I unloaded my troubles to Bruce.
“I cant take it anymore! Do you want to know about my morning? Let me tell you about my morning. First, I'm in bed, dreaming away. I dreamt I was in a car, an old green Chevy in the middle of a parking lot and a voice kept saying “Put the car in park! Put the car in park!” Only there's no gearshift. How can I put the damn thing in park if there's no gearshift? So then I got the idea that maybe its another car saying “Put the car in park!” So I started searching, searching for a car with a gearshift. Only none of the cars in the lot have gearshifts. I thought I was going nuts. Finally, I woke up. But the voice is still there. “Put the car in park! Put the car in park!” O Sweet Jesus, I thought, this is it!
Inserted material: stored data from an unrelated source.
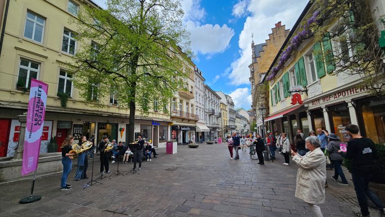 지난 4월12~21일 바덴바덴에서 열린 부활절페스티벌 일환으로 청소년 오케스트라가 도심에서 야외 공연을 펼치고 있다. 베를린필은 10일간 '나비 부인'과 베토벤 교향곡 '합창' 등 오페라와 관현악 연주를 8차례 가졌다./김기철 기자 |
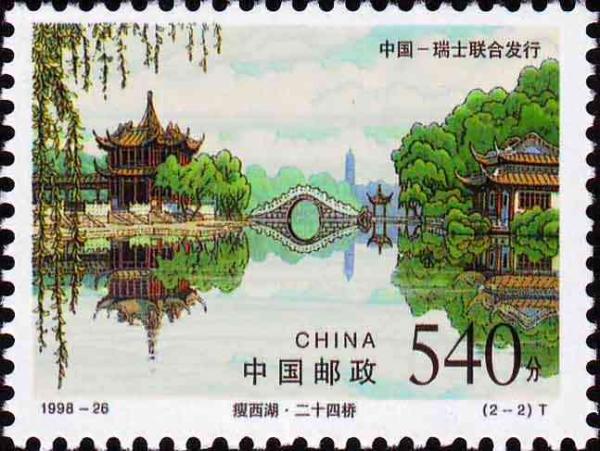国家邮政局定于1998年11月25日发行《瘦西湖和莱芒湖》特种邮票1套2枚。(中国-瑞士联合发行)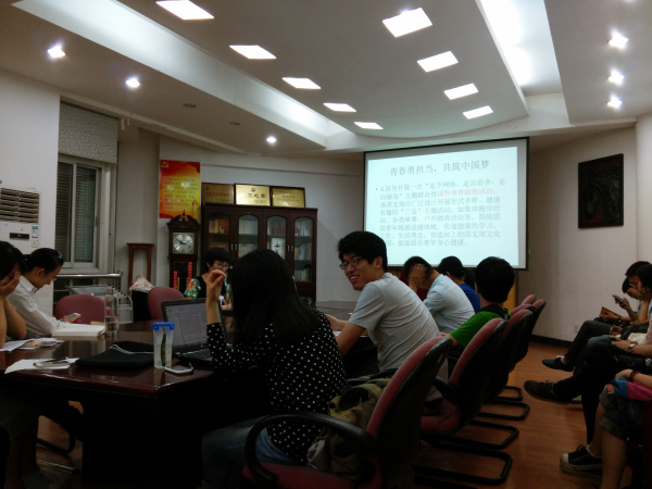 5月15日晚上八点半,材料学院各班班长和团支书一起来到了曹光彪大楼三楼的会议室进行团日活动展示。团委书记杨倩老师和副书记嵇琪华老师也同时出席了这次展示。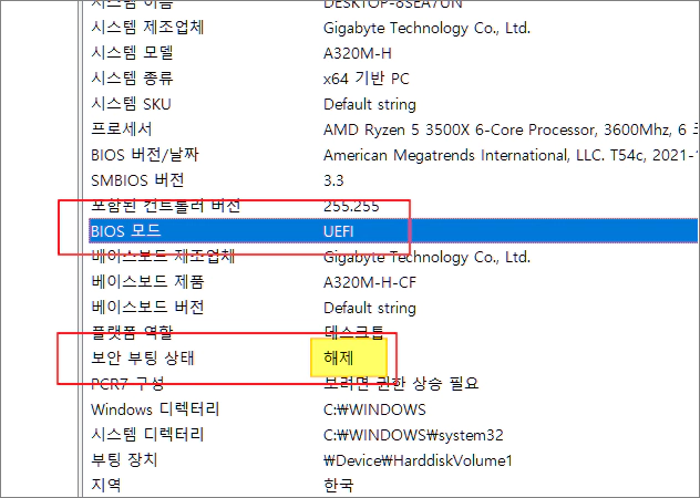 - 이 값이 해제라면 보안 부팅이 꺼져 있다는 의미이며, 원하는 경우 다시 활성화하실 수 있습니다.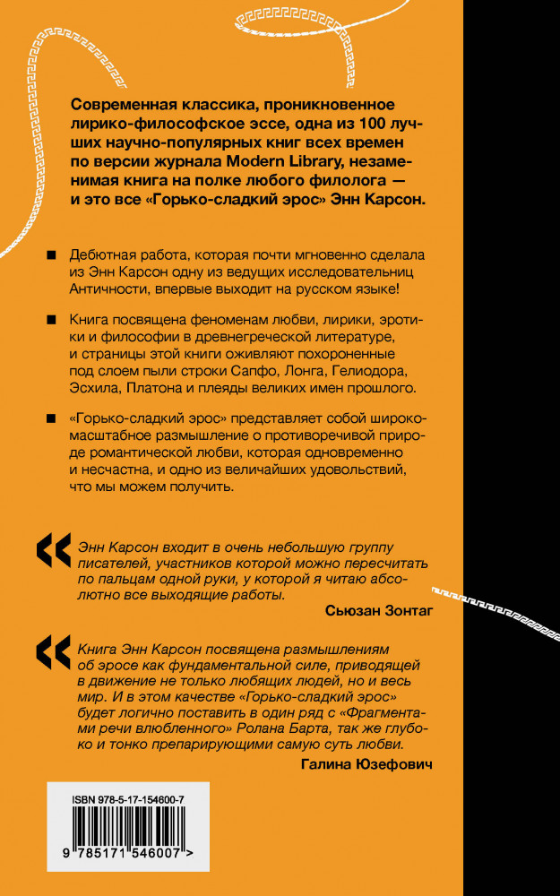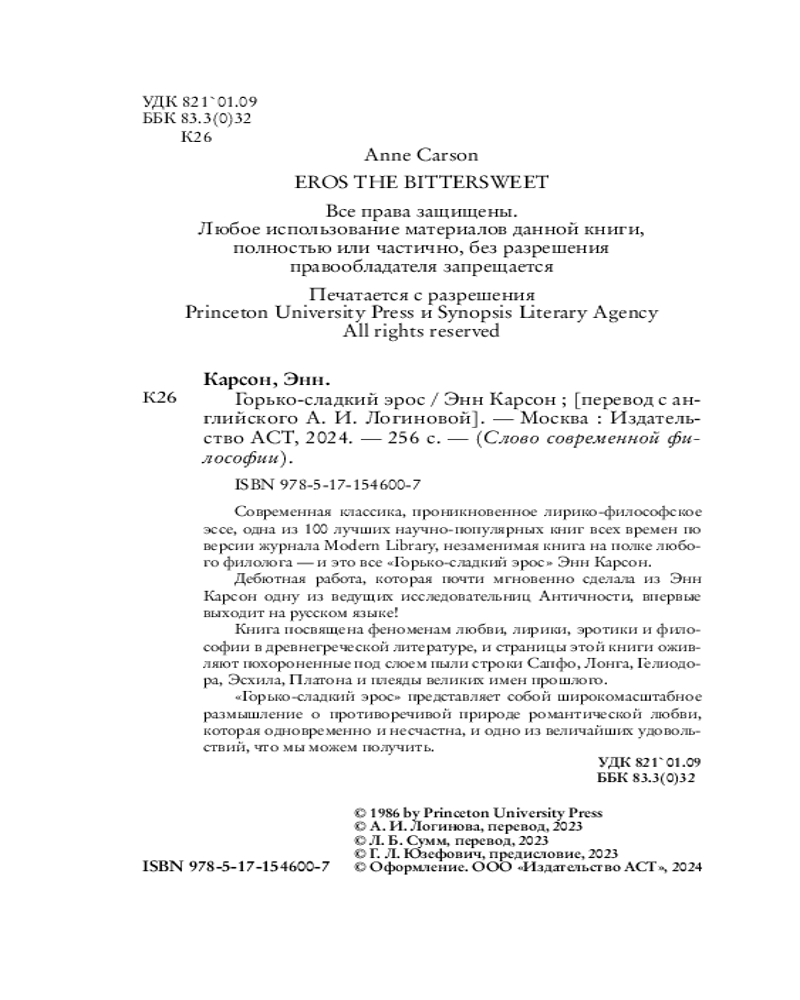 💳 Оплатить за товар можно при получении 🇰🇿 Есть бесплатная доставка по Казахстану от 1 дня 🎁 Копите бонусы с каждой покупки Серия: Слово современной философии Современная классика, проникновенное лирико-философское эссе, одна из 100 лучших научно-популярных книг всех времен по версии журнала Modern Library, незаменимая книга на полке любого филолога — и это все «Горько-сладкий эрос» Энн Карсон. Дебютная работа, которая почти мгновенно сделала из Энн Карсон одну из ведущих исследовательниц Античности, впервые выходит на русском языке! |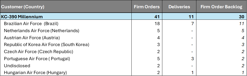 In August 2025, aligned with Embraer's strategic objective of increasing near-term aircraft availability for international customers, Embraer and the Brazilian Air Force entered into a mutual agreement to reduce the total number of KC-390 aircraft to be delivered under the existing contract from 19 to 18 units.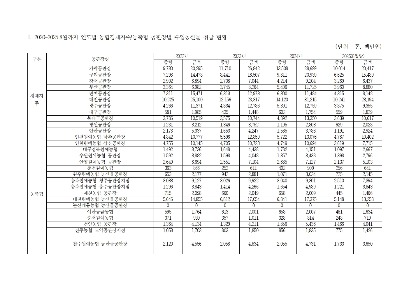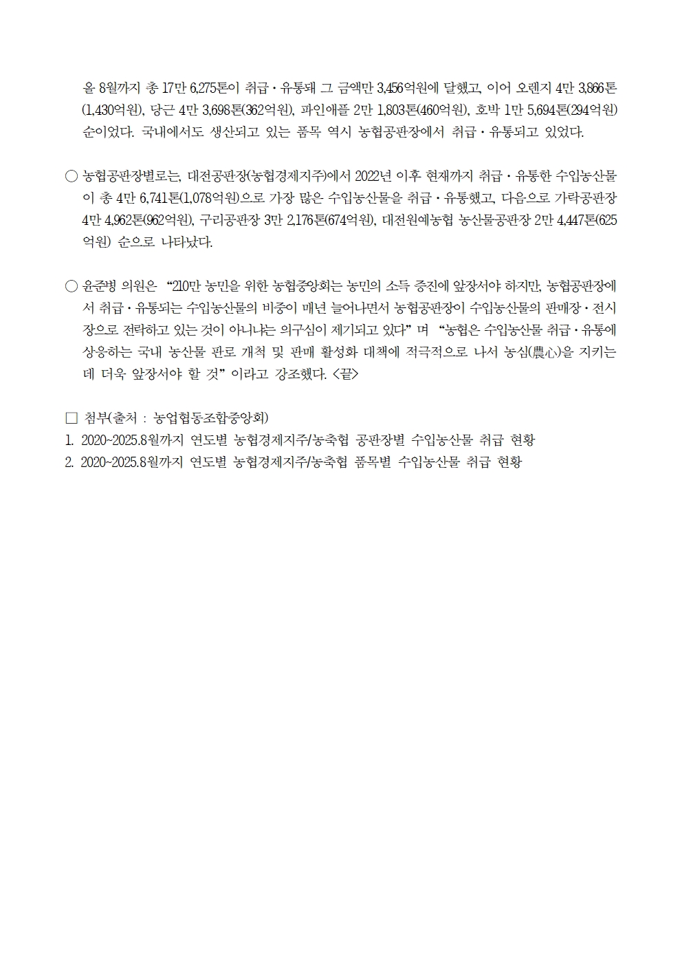 251024 [윤준병 의원 국정감사 보도자료] 지난 3년간 농협공판장서 수입농산물 44만톤·1조원 넘게 유통.hwp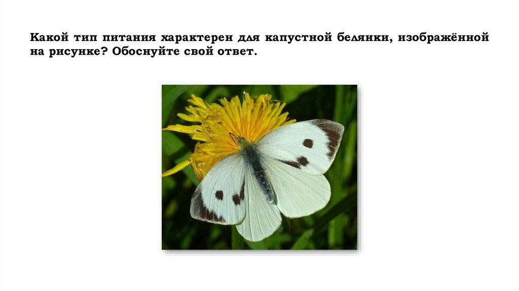 Какой тип питания характерен для капустной белянки, изображённойна рисунке? Обоснуйте свой ответ.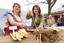 Wer heimischen Spargel liebt, kommt jetzt wieder voll auf seine Kosten: Mit einem symbolischen Anstich auf dem Münchner Viktualienmarkt hat Landwirtschaftsministerin Michaela Kaniber am heutigen Donnerstag gemeinsam mit der Schrobenhausener Spargelkönigin Lena Hainzlmair die bayerische Spargelsaison offiziell eröffnet. „Das warme Wetter der vergangenen Tage hat bei unserem Freiland-Spargel für einen tüchtigen Wachstumsschub gesorgt“, sagte Kaniber. Endlich sei landesweit wieder heimischer Spargel auf dem Markt. Bis Johanni (24. Juni) gibt es das begehrte Edelgemüse nun erntefrisch und aus regionalem Anbau. Dann endet die Saison, damit die Pflanzen sich erholen können. Statistisch gesehen isst jeder Bayer in diesen zweieinhalb Monaten rund 1,5 Kilo Spargel.

I've finally cracked. Ill be doomed to hear this voice for the rest of my years. I woke Earn. I didn't know how to tell her. Then, in this split second, it hit me. This wasn't a voice saying “Put the car in park!” It wasn't that at all. It was a chicken outside my window. A goddamn chicken going “Ur Uh Ur Uh Urrrrh!” I swear to you, I swear, it sounded just like “Put the car in park!”
“But I'm not finished. After the chicken episode, I stepped out onto my balcony to get a look at the damn thing. I didn't see a chicken, but I saw a Thai man walking by who happened to look up and see me. Do you know what he did? He stopped dead in his tracks, pointed up at me, and yelled out “Farang! Farang!” Then he began looking around for someone else to tell! I mean, its six o'clock in the goddam morning!”
“So what you're saying is,”
“I've got to get out of there. The “Hey yous!” and “Fuck yous!” and wide-eyed stares of every man, woman, and child in the area are one thing, but I don't want to put Earn through any of it. Being a farang isn't easy, I know, but being the Thai girlfriend of one is something else altogether.”
That Monday, a Chullingsat teacher told me of a townhouse for rent near the Jao Prom Market. Earn and I went to look at it. The place was huge. Two bedrooms, two bathrooms, a kitchen, dining room, and living room. One of the bedrooms was air-conditioned. There was a large balcony with flowers and shade.
It wasn't for us. It was bad. It had misfortune written on every wall. But I was greedy. My cerebellum had been waxed over by fruit trucks and chickens and a thousand eyes peeking out the window to see whether I had grown any whiter since the day before.
“Well take it,” I said.
Earn looked at me in surprise. I had taken leave of my senses, maybe. All I saw was that big bedroom and that nice balcony and my unnoticed ass sitting out there during each new sunrise.
“When can we move in?”
After one month and fourteen days in our second apartment, we packed and moved across town.